Failsafe boot option
OpenSolaris SXCE releases, as well as Solaris 10, included a "Failsafe boot" environment.
It was basically a RAMDisk image stored on the same boot disk, containing all relevant drivers for your hardware and the current kernel along with some userland software. Basically, it was an expanded and somewhat interactive variant of the "boot archive" we still have today, but less frequently updated (and potentially broken in the way).
This environment was often crucial for repairing a broken installation, deaing with stuff such as renamed drives (or changed device paths like IDE/SATA conversion in BIOS, or movement to another server after the original one got fried but the disks survived), or refusal to boot with broken mirrors without quorum, etc.
Nowadays a (customized) LiveCD/LiveUSB has saved me for uncountable number of times, when my experiments or hardware failures at my home test system have left its HDD-based BEs unuseable.
However, booting from such alternate media is slow and often inconvenient (it needs to get plugged in and/or prioritized in BIOS), especially for remote maintenance of unmanned locations (especially on hardware lacking proper networked IPMI/ILOM consoles).
I propose that some sort of a failsafe or live environment with minimal HW/ZFS requirements (bootable anywhere the backing image file can be read) should again be provided as part of the installed software. Ideally it should have virtual-consoles built in and expect connections (and dump kernel logs) on both the text console and the serial console (LiveCD should really do that as well).

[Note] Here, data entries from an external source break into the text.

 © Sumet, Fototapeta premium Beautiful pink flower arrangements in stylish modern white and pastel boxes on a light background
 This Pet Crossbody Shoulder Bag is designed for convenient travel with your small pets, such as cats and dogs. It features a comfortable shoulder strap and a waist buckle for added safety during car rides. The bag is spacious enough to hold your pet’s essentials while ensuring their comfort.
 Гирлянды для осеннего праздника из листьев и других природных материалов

There should be a means to provide customizations into the failsafe image, such as required drivers (storage, net), networking setup, ssh, or perhaps adding some lower-level testing software or scripts that the user likes. The image should then be built (iso, gzipped ufs, whatever) and used as a single unmodifiable unit (unlike a ZFS alternate BE which can get unmountable due to a number of reasons). Perhaps the current scripts for boot_archive maintenance can be reused for this quest.
Perhaps manual or automated updates to the image (replacing the image file or adding another one "near" it) should be enabled for kernel upgrades, especially if storage is involved (updated ZFS code/versions/features), and for net/storage driver installations and upgrades, and driver.conf settings change.
NOTE that possible/probable failure of such upgrades is one of the reasons we want the failsafe environment in the first place, so a fully-automated replacement without user's consent is something we likely don't want to do (perhaps no sooner than the first successful boot and proper shutdown after that?) But it is also useless to have an obsolete image which can't access the current ZFS pool or changed hardware... I think the rebuild procedure could be automated, but called upon by the user manually, like "bootadm update-archive -R /a" can be used today.
- current active root BE on rpool
- a dedicated filesystem on the rpool (i.e. user would like to set copies=3 for this file only, and keep it separate from his other BE tests, rolling snapshots and other works)
- a dedicated partition/slice with whatever filesystem GRUB and Solaris support (perhaps not containing a zfs pool but a "recovery" FAT or UFS partition with this one file or so)
- a separate storage device (i.e. a Failsafe USB Flash which is not unlike a LiveUSB, but customized for this particular box, or a dataset on a different ZFS pool in the same box)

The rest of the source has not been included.